Minor points, but even minors points counted here. In this game, nobody trusted nobody and even a little slip could push the panic button and bring out the shooters. Rico didn't mind letting the slag see Surikov. He could "see" him from five or ten meters away. He'd be unlikely to try anything, if he had anything in mind, till the range narrowed a bit. Step by step, slow and careful-that was the game plan, the accepted procedure.
Rico keyed his headset. "Ready."
Thorvin acknowledged.
Momentarily, the van came rolling up. Thorvin stopped it, according to plan, on the far side of the Renault-Fiat Eurovan from where Rico stood with the suit. When Filly and Dok emerged with Surikov, they stepped out in front of the Eurovan just far enough to show Surikov's face.
"You're very careful," the suit remarked.
"It pays," Rico replied.
"Once you've checked the credsticks, I want a DNA and retina scan."
"My man checks your equipment."
"That's fine."
Checking the suit's credsticks didn't take long. Rico had a portable verifier on his belt, not a stock model. Piper and Thorvin had put the unit together. Piper said the unit's integral chipware would detect phony bank encoding to a very high degree of certainty. That was good enough for Rico. He slotted the sticks one by one into the unit, waited for a pair of soft beeps, then passed them back to the suit. The sticks passed inspection.

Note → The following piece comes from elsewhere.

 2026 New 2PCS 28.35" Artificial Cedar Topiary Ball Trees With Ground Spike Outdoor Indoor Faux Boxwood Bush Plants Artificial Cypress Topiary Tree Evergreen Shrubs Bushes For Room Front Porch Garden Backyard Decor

Another slag emerged from the Toyota Elite. The suit introduced him as a technical aide. The aide showed Rico the pack of scanners he intended to use on Surikov. Rico motioned Dok over. Dok checked the scanners with gear of his own.

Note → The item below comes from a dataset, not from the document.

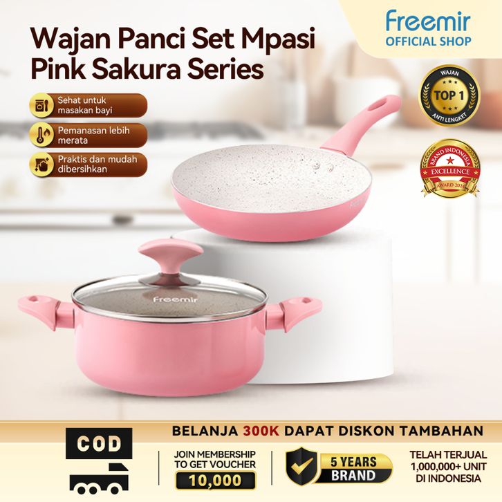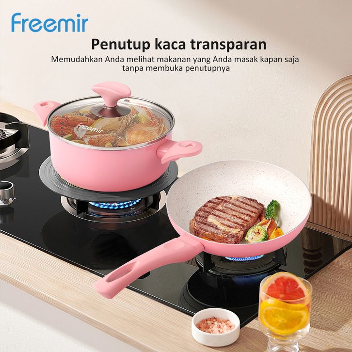 freemir Set 2 Wajan Panci Sakura Series dengan Tutup Kaca Multifungsi Anti Lengket

"Standard equipment," he concluded.
"Your man goes with my man," Rico said to the suit, "checks the merchandise, reports to you, then we make the swap."
"Agreed."
The final check took about a minute. The aide returned and gave the suit a nod. "Bring me the merchandise and then you get the sticks," the suit said.
"Right."
Here was the moment that counted. Rico took a quick look around. The suit's cutter hadn't changed position. The parking field around them looked clear. Thorvin wasn't giving any alerts based on readings from his own equipment or anything Bandit had to say. The assumption, then, was that everything looked chill. Rico motioned for Dok and Filly to bring Surikov forward. Their steps, scuffing against the pavement, seemed really loud. They moved slowly, at a measured pace. Seconds stretched out long.
"That's close enough," the suit said, lifting a hand toward Surikov, palm out. Then the slag's forearm jerked and something like a shotgun roared, and Rico realized the sleazebag had a cybergun implanted in his arm.